Nigeria says arrests Iran-linked cell targeting US, Israel
ABUJA (Reuters) - Nigeria's secret service say they have arrested a "terrorist cell" trained in Iran who planned to attack U.S. and Israeli targets in Africa's most populous nation.
The State Security Service (SSS) said they arrested Abdullahi Mustapha Berende and two other Nigerians in December after Berende made several suspicious trips to Iran where he interacted with Iranians in a "high profile terrorist network".
"His Iranian sponsors requested that he identifies and gathers intelligence on public places and prominent hotels frequented by Americans and Israelis to facilitate attacks," SSS spokeswoman Marilyn Ogar said in a statement.
"There is conclusive evidence that Berende in collaboration with his Iranian handlers were involved in grievous crimes against the national security of this country."
Iran has yet to respond to the allegations.
Berende, who will now be charged in court, admitted spying for Iranian counterparts to reporters on Wednesday.
"As for surveillance, that one is true ... It is a regrettable phenomenon I shouldn't be proud of it," he said as he was paraded by the SSS in their Abuja offices.
He received $30,000 to carry out operations, the SSS said.
This is not the first diplomatic incident between Nigeria and Iran. An Iranian diplomat was arrested in 2004 on suspicion of spying on the Israeli embassy in Nigeria's capital Abuja, Israeli sources said. Iran denied any arrest.

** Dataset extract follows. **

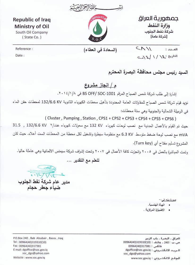 Private Iraqi Company specialized in supplying and installing power generation plants, Substations and O.H.L. including the following activities:

In 2010, authorities at a Lagos port found a hidden shipment of artillery rockets, rifle rounds and other weapons from Iran. The shipment was supposedly bound for Gambia. A Nigerian and an Iranian face criminal charges over the shipment.
Tehran has previously denied any involvement in bomb attacks against Israeli embassy targets in India and Thailand in February last year and dismissed accusations it was involved in a bombing in Bulgaria that killed seven Israeli tourists last July.
Iran has accused Israeli and Western agents of sabotaging its disputed nuclear program, including the assassination of several of its scientists. The Iranians deny that the sabotage has significantly set back their nuclear program.
Berende first travelled to Iran in 2006 where he studied at an Islamic university, before returning in 2011 for weapons and explosives training, the SSS said.
Ogar said Berende sent his Iranian partners photos of the Israeli cultural centre in Lagos and told them that they should attack former military ruler Ibrahim Babangida and Islamic spiritual leader the Sultan of Sokoto to "unsettle the West".
Nigeria's population of 160 million is split roughly equally between a mostly Muslim north and a largely Christian south.
Islamist groups in the north have become the biggest threat to stability in Africa's top oil producer. Western governments are increasingly concerned they are linking up with extremists outside Nigeria, including al Qaeda's north African wing.